Lejos de desalentar la barbarie policial, las
autoridades federales y capitalinas las han aplaudido, han felicitado a
los uniformados agresores, les han garantizado la impunidad y se han
jactado de sus atropellos. Así, a contrapelo de los testimonios
videográficos que documentan las violaciones a la ley por parte de los
policías que agredieron a la ciudadanía el pasado 20 de noviembre en el
centro de la ciudad, el secretario de Seguridad Pública capitalino,
Jesús Rodríguez Almeida, los felicitó
por el trabajo demostrado, por el gran valor, gallardía, responsabilidad y sobre todo (porque) restablecieron el orden público le guste a quien le guste.
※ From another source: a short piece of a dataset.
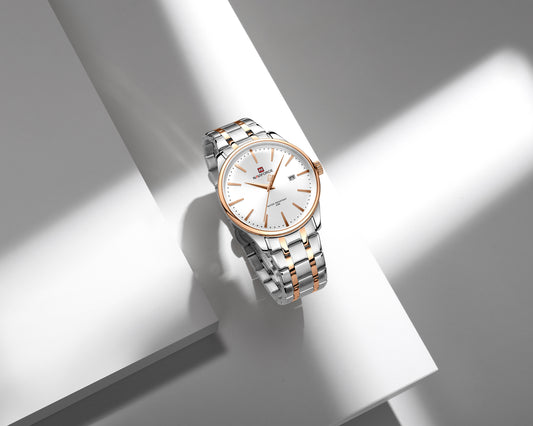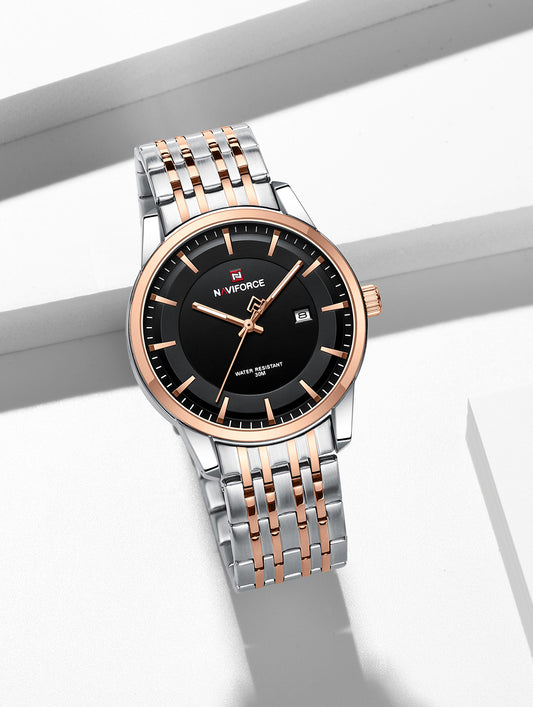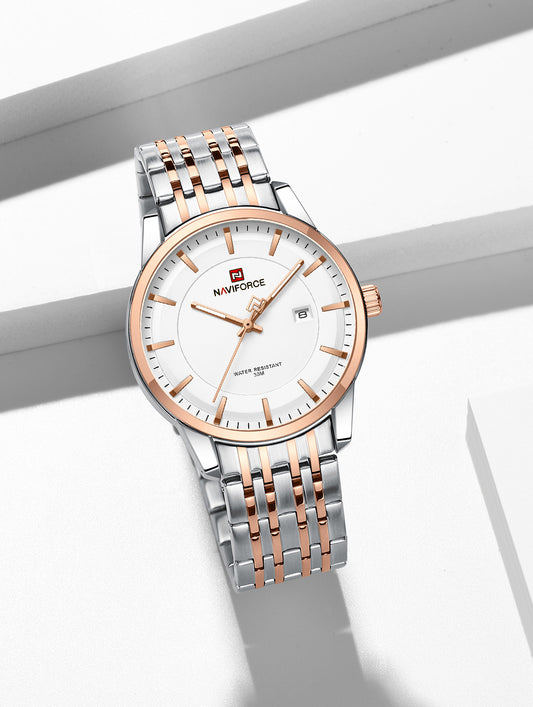 Naviforce NF9228G Silver-Rosegold High Quality strap Analog Watch

El cinismo de la declaración es inocultable porque lo que hicieron los uniformados fue más bien colaborar con los encapuchados (o los encapuchados colaboraron con los policías) en la destrucción del orden público y legal. Allí están los videos.
Con una evidente
diferencia de grados y niveles la agresión policial contra ciudadanos
que tuvo lugar en Iguala se replica en la ciudad capital y tanto Peña
como Mancera empiezan a parecerse el uno al otro y ambos, a José Luis
Abarca, el ex munícipe ahora preso que, según la versión oficial,
ordenó la atrocidad.
En la jornada del 20 de noviembre se hizo
visible la enorme energía social nacida de la exasperación ante la
persistente conducta delictiva de las autoridades, pero también la
condición incurable y progresiva de un régimen despótico y extraviado
que hoy, le pese a quien le pese (como debió haber dicho Rodríguez
Almeida en lugar del lapsus autogratificante
le guste a quien le guste), ha terminado por contagiar al gobierno del Distrito Federal. Pero, tanto si pretendían arrastrar al grueso de los manifestantes a la violencia como si querían escarmentarlos y disuadirlos de que sigan ejerciendo sus derechos políticos, los gobernantes fracasaron: además de los seis asesinados y los 43 desaparecidos de Ayotzinapa, hoy hay otras 11 víctimas de la violencia oficial y otras tantas causas de indignación; la acción de los violentos que sabiéndolo o no colaboran con la represión ha quedado abrumadoramente deslegitimada y las emboscadas policiales ya no producen miedo, sino rabia, a una ciudadanía que sigue queriendo vivos a los 43 que le faltan y libres a los 11 inocentes a los que la alquimia policiaco judicial ha transformado en culpables.